Abuso de poder a partir de posgrado

Sin embargo, aún queda mucho camino por recorrer. Las universidades tienen que esforzarse en mejorar el acceso a la información, agilizar el protocolo, evitar la revictimización (por ejemplo eliminando la mediación) y la marginación de las afectadas, controlar más el abuso de poder que se produce sobre todo a partir de la etapa de posgrado y también proteger de la violencia de segundo orden a las personas que apoyan a las víctimas.

En la investigación dirigida por la catedrática Rosa Valls en 2008 ya se apuntaban muchas de estas medidas, incluida la conveniencia de hacer públicos los datos anonimizados y contextualizados. Este debate se está planteando actualmente en la UB, por ejemplo. En universidades de referencia citadas por el estudio de Valls ya hace décadas que tienen claro que la publicación de los datos, lejos de suponer una mancha en el prestigio del centro, es una demostración de que sus mecanismos contra la violencia de género funcionan.

La publicación de los datos, lejos de suponer una mancha en el prestigio del centro, es una demostración de que los mecanismos contra la violencia de género funcionan

Para la directora de la Unitat d’Igualtat de la Universitat Pompeu Fabra (UPF), Rosa Cerarols, los datos actuales no constituyen un buen reflejo de la realidad: "Nosotros solo podemos hablar con los números de denuncias o de aperturas del protocolo de acoso, pero estoy convencida de que pasan muchas más cosas que no llegan a la Unitat d’Igualtat ni se denuncian y que son agresiones sexuales". Es fácil perderse en un mar de números, por eso Cerarols reivindica: "Necesitamos un MeToo en la Universidad".

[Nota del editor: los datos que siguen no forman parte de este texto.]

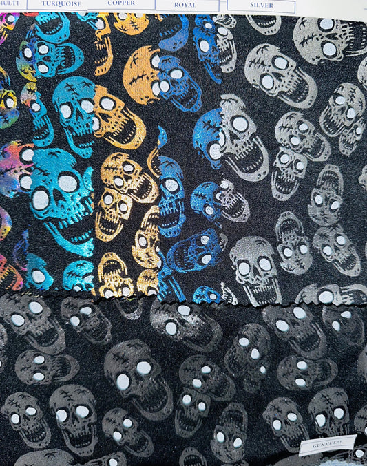 Luxury Laughing skulls design metallic nylon spandex with foil 4-way stretch 58/60” Sold by the YD. Ships worldwide from L.A
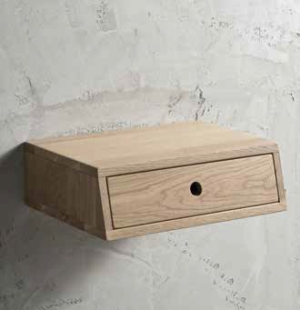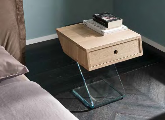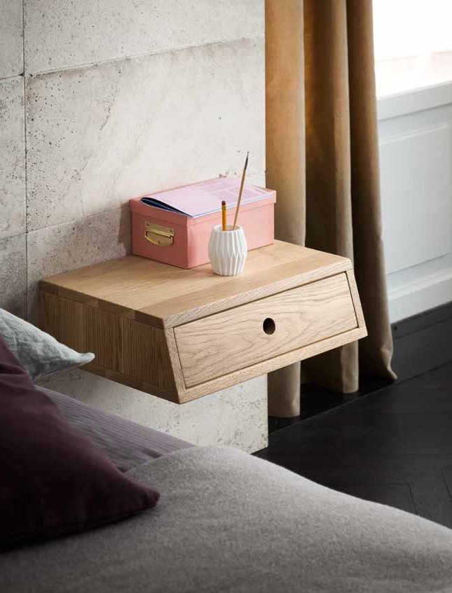 Cut Nachttisch von Altacorte aus Eichenholz in verschiedenen Ausführungen. Dieser Nachttisch mit einfachen Linien verfügt über eine Schublade mit schräger Front, die Ihrem Schlafzimmer eine einzigartige Note verleiht. Erhältlich in zwei Versionen: wandmontiert oder mit „Z“-förmiger Glashalterung.
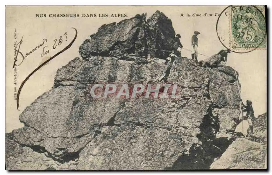 Cartes postales Militaria Chasseurs Alpins dans les Alpes A la cime d'un col
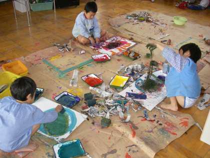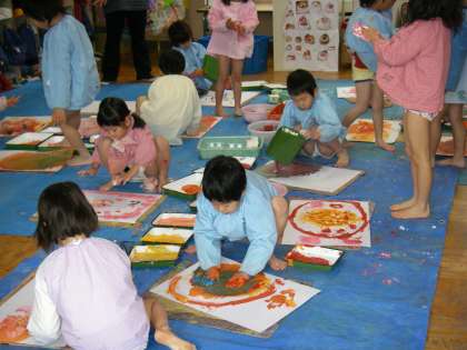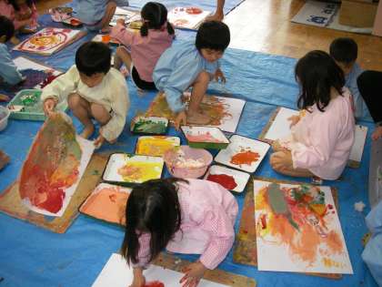 今日は年長さんも年中さんも絵の具遊びをしました。

El sector del Personal Docente Investigador es donde las personas se juegan más y el miedo a las represalias es más inmovilizador. "Es un marco muy jerarquizado y competitivo y parece que tengas que hacer un mar de favores para mantener tu plaza -asegura Cerarols-. ¿Quién va a denunciar a su director de tesis? Estamos en una fábrica de conocimiento y no deberíamos rendir pleitesía a un catedrático, pero se hace y mucho. Es el derecho feudal".

Protocolos más inclusivos

Es precisamente a nivel de posgrado donde la gráfica de la presencia de mujeres en la academia empieza a tomar forma de tijera. A nivel de grado hay más mujeres pero muchas lo dejan a nivel de doctorado.

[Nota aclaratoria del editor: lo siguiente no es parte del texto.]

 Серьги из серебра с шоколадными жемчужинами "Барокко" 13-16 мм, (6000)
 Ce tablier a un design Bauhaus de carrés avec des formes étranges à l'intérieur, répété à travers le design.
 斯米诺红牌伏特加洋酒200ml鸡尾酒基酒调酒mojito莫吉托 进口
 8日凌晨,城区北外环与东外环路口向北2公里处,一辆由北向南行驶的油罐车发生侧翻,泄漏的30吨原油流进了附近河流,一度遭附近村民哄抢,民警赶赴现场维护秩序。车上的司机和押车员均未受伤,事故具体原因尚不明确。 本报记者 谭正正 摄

"Estoy convencida de que pasan muchas más cosas que no llegan a la Unitat d’Igualtat ni se denuncian y que son agresiones sexuales", afirman desde la UPF

Cerarols, que sustituyó a la actual 'consellera' d'Igualtat i Feminismes, Tània Verge, al frente de la unidad de igualdad, también apunta la necesidad de que el protocolo sea más inclusivo: "En el de la UPF están presentes las políticas lgtbifóbicas pero deberían ampliarse los ejes de discriminación a la raza. Hay que trabajar de forma interseccional sobre la diversidad y la inclusión".

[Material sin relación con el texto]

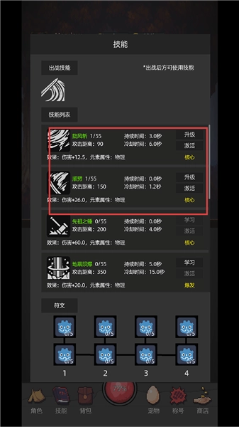 5、当角色达到2级后,解锁并激活【旋风斩】技能。
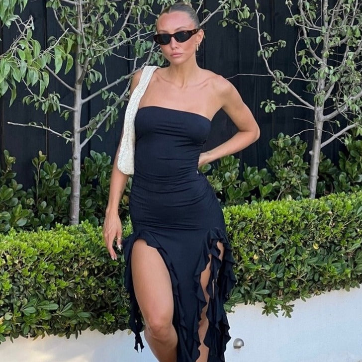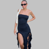 • Meelad detailid: Rinnajoont rõhutav lõige, õlapaelteta dekoltee ja volangid lisavad sellele kleidile sensuaalsust ja originaalsust, luues harmoonilise tasakaalu võlu ja elegantsi vahel.
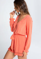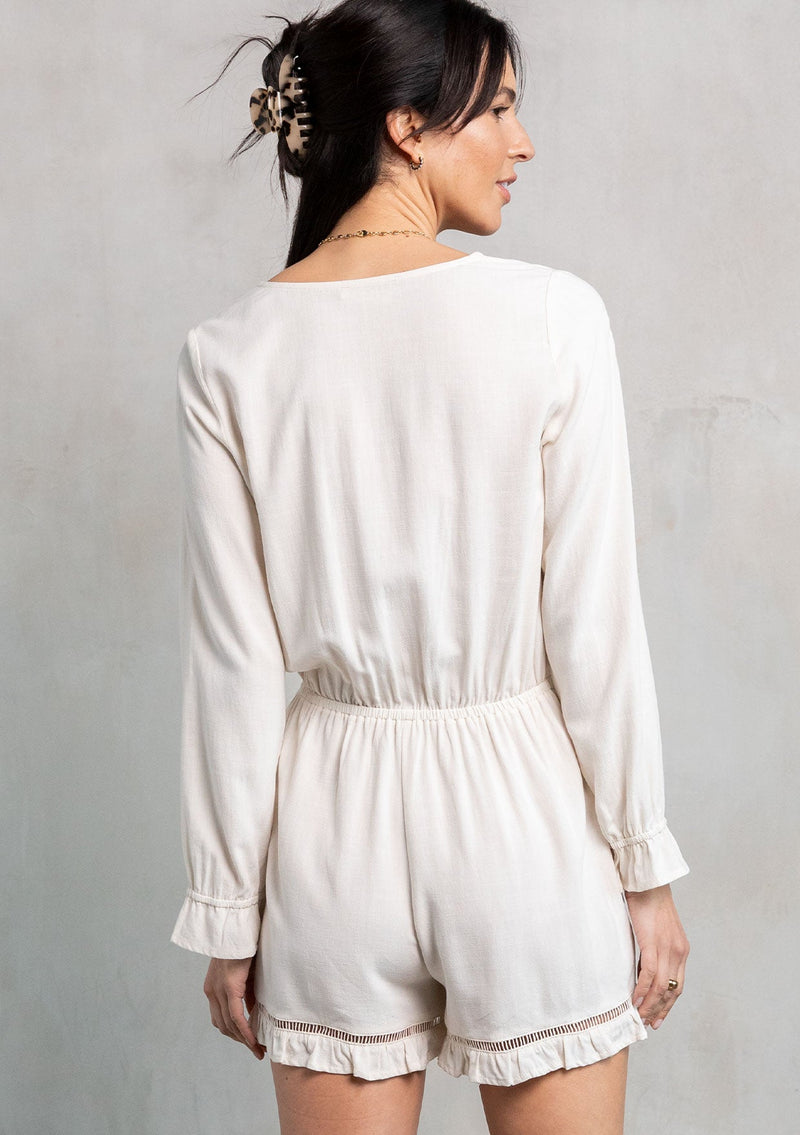 An ultra-charming short romper made from a cool linen blend. Featuring a long sleeve with a ruffled wrist cuff, ruffle-trimmed shorts, and an adjustable tie front waist. Perfect for Spring, we love to style this romper with a simple sandal.

Montserrat Castro, técnica de Inclusió i Igualtat en la Universitat de Girona (UdG), lamenta "la dificultad de las universidades para hacer la gestión de estos casos, a menudo por la falta de posibilidad de dar respuestas satisfactorias más allá de las puramente de ordren jurídico o penal" y considera que debería haber "marcos legales más adecuados a estas situaciones". 

"El grueso de personas que necesitan respuesta especializada crece cada año y esto debería comportar más recursos personales y económicos", dicen desde la Universitat de Girona

La UdG suele aparecer citada como uno de los centros con mejores prácticas contra la violencia de género, entre otras cosas porque trabaja con entidades o servicios del entorno, creando así una gran red que permite hacer "un acompañamiento más amplio". Aun así, Castro insiste en "el grueso de personas que necesitan respuesta especializada crece cada año y esto debería comportar más recursos personales y económicos".

El buen funcionamiento de las unidades depende de dos factores. "Por un lado -dice Rosa Valls-, de la misma universidad, del rector y el equipo rectoral, que le da funciones y la deja hacer (o no), y por otro de las personas que están al cargo, que tienen que haber hecho investigación en este campo y no estar ahí para cumplir con el jefe".

El hecho de que formen parte de la misma institución que genera la violencia puede ser una desventaja si no pueden actuar como un órgano concreto, al estilo del Síndic de Greuges que tiene libertad para denunciar lo que hace el Govern.